Anticipating a Lutheran Church Assembly

The Churchwide (aka national) Assembly of the Evangelical Lutheran Church in America (ELCA) starts August 17 and runs through August 23 at the Convention Center in Minneapolis. I was elected a Voting Member (like a delegate, but we do not use that term because we don’t go to the Assembly bound by a regional opinion or something). I will be staying full-time that week at the Hilton Hotel near the Convention Center.

This is a really huge matter because the ELCA will be consider a proposal to adopt what has turned out to be a pretty good Social Statement (34 pp.) on Human Sexuality, and then a momentous policy change on how pastors and lay professional people are allowed to be on the "roster" of the ELCA. The big proposed change, if adopted, would be that gay and lesbian persons who are in committed relationships would be allowed to be ordained, or if lay professionals, appointed, and fully recognized in the ELCA.

As you might imagine, there are quite a few people lining up in opposition.
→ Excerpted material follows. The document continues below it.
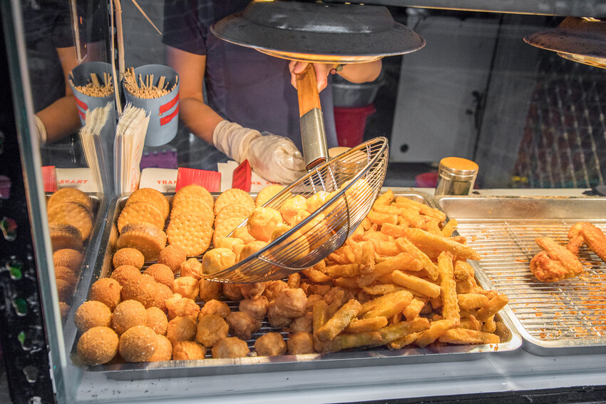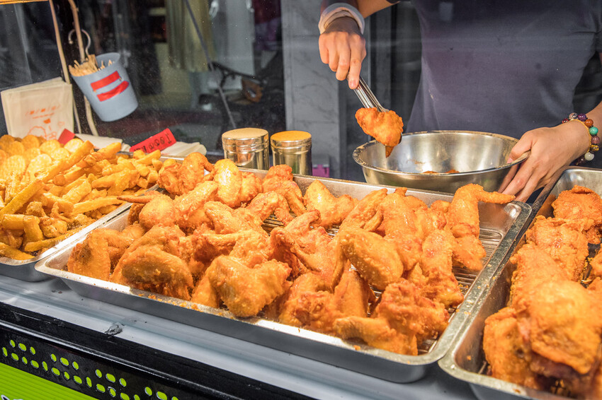 巷口湯翅內壢店下午兩點開始營業,老闆這時候就開始炸,客人也陸陸續續上門,客人最多的時候應該是下班時間,玻璃櫃裡還有用鹵素燈保溫,炸物們也都整齊堆放,不過停留的時間都不長,一下就被買完了

I am on a national team that has been working on this stuff for the last six years. We have monthly conference calls, and for the last month, weekly calls or even more often. We meet face-to-face from time to time. There are about a dozen of us. Strategizing for this is amazingly complex. One has to know Roberts Rules of Order inside and out, which I pretty much do. We work on how to offer counter-arguments to those who say "the Bible is against homosexuals," also theological studies that have been done. We recently read new documents that have come out from the American Psychological Association (APA) regarding what is called "reparative therapy" - groups who want to use methods, some pretty awful, to convince gay or lesbian persons that they can be "changed" to be straight. APA has said for years that reparative therapy is bogus and does not work.

On August 5, just a few days ago, the American Psychological Association, meeting in Toronto, adopted a resolution stating that mental health professionals should avoid telling clients that they can change their sexual orientation through therapy or other treatments. This is based on new studies they have done on this matter.

The matter of how gay and lesbian persons are treated and included in society and the church has been very important for me, because I believe that they have been unjustly treated and excluded and that from the point of view of God’s grace and love, there is no reason for the church to keep them from full participation in the church, including as pastors. Of course, the experience of my brothers, James and John, as identical twins who were gay, is a personal reason for me to have been working on this for all these years.

I think we have a pretty good chance that the ELCA will change its policy by action of this Assembly. I will be hard at work to make this happen.